Jacobs follows a long list of publicly late offenders who value their time over others. In 2016, Kanye West made fashionistas wait two hours in the hot sun before starting his Yeezy Season 4 at Roosevelt Island in New York City — a production that took four hours — infuriating showgoers and big names and editors in the industry. And New York City mayor Bill De Blasio has also publicly struggled with being on time, like the time he disrespected family members of the 265 people who died in the 2001 crash of Flight 587 by showing up late for the annual memorial service in Queens in 2014. The New York Post attempted to help Hizzoner by giving him an alarm clock with no snooze button after the mishap. It apparently didn’t help, as the mayor was reportedly late to several events on the campaign trail during his re-election last year.
Research by Blue Jeans Network shows a whopping 81% of meetings fail to start on time. And 29% of workers admitted they were late to work at least once a month, despite more than half of employers (53%) expecting workers to show up on time every day, according to a 2017 survey from Careerbuilder. But just because lateness is becoming more frequent, doesn’t make it acceptable, Thomas said, adding that it can drastically stunt your career growth.
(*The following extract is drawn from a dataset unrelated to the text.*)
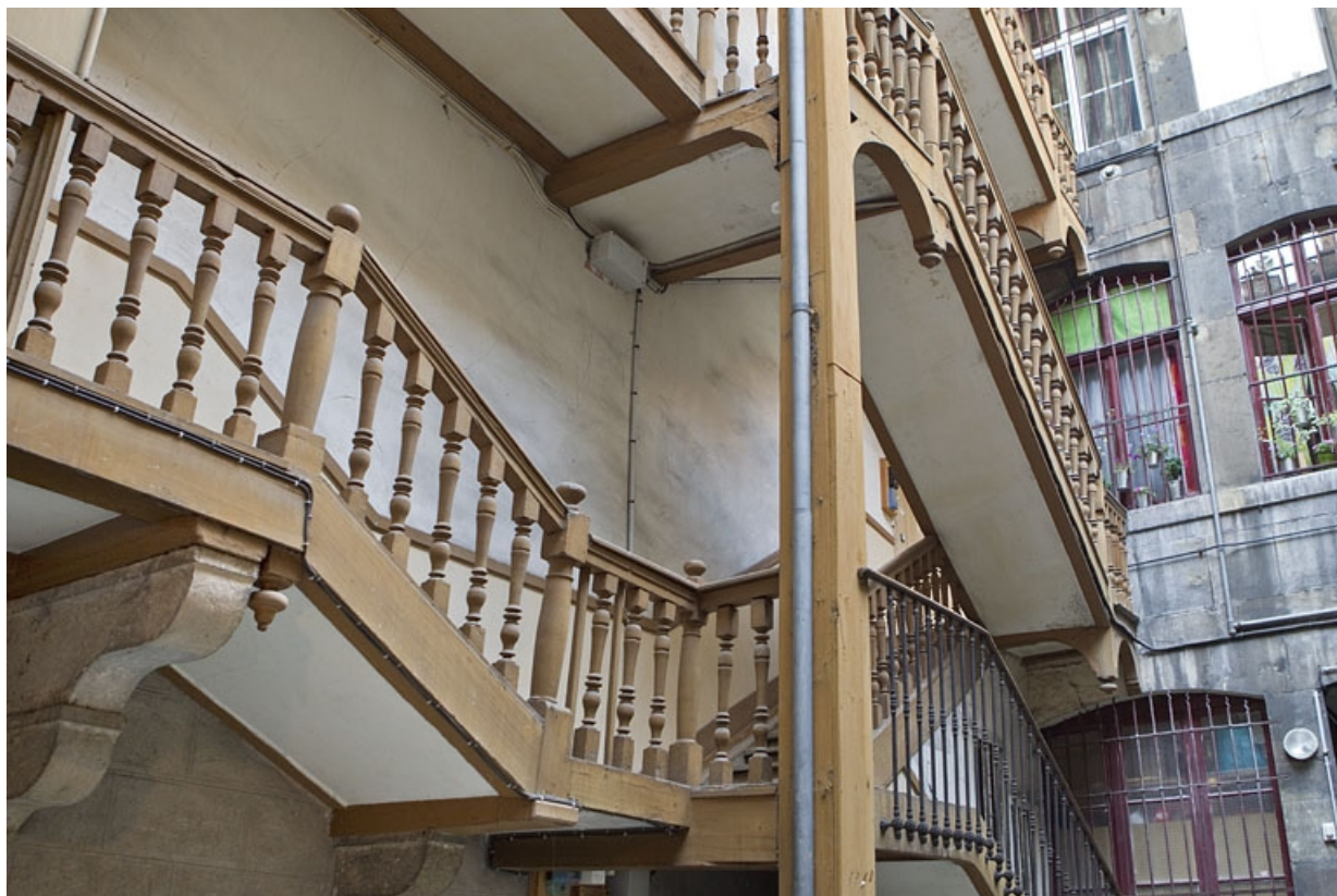
Escalier à cage ouverte de la première cour : détail de la rampe à balustres de bois.

25, Besançon Grande Rue 77, lieudit : îlot Saint-Pierre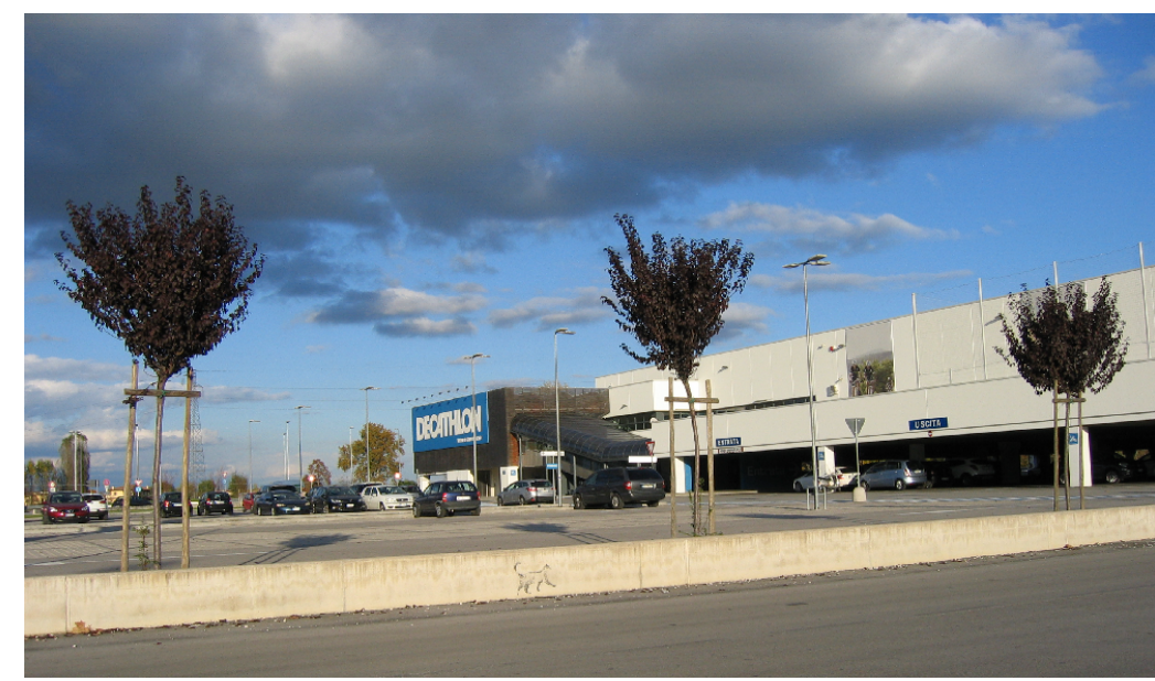
FOTO 6 NUOVE PIANTUMAZIONI SU LOTTO F

“It tarnishes your professional image and puts you in a very bad light and that can go on to allow you to not be considered for promotions or other things going on,” Thomas said. “It affects a whole area of your life, not just the fact that you were late to a meeting. Excuses are really not becoming of somebody who is looking to climb the corporate ladder.”
And it’s worth noting that 41% of employers surveyed in the Careerbuilder study said they fired someone for being late.
To avoid some of the most extreme outcomes, Thomas advises people to always show up five to 10 minutes before a meeting or to work in general. If you show up even one minute passed the designated time, you’re late, she said. It also helps to look over your schedule the night before a big meeting or event to know what exactly you need to prepare so that you’re not running around last minute. If you’re driving in to work, Thomas suggests setting your clock back 10 to 15 minutes.
Whether you’re a public figure, or clocking in at the office, expect a zero-tolerance lateness policy.
“There just is not an excuse,” Thomas said. “If something catastrophic happens that’s different, but just to be late because you’re busy is just not acceptable in the business world.”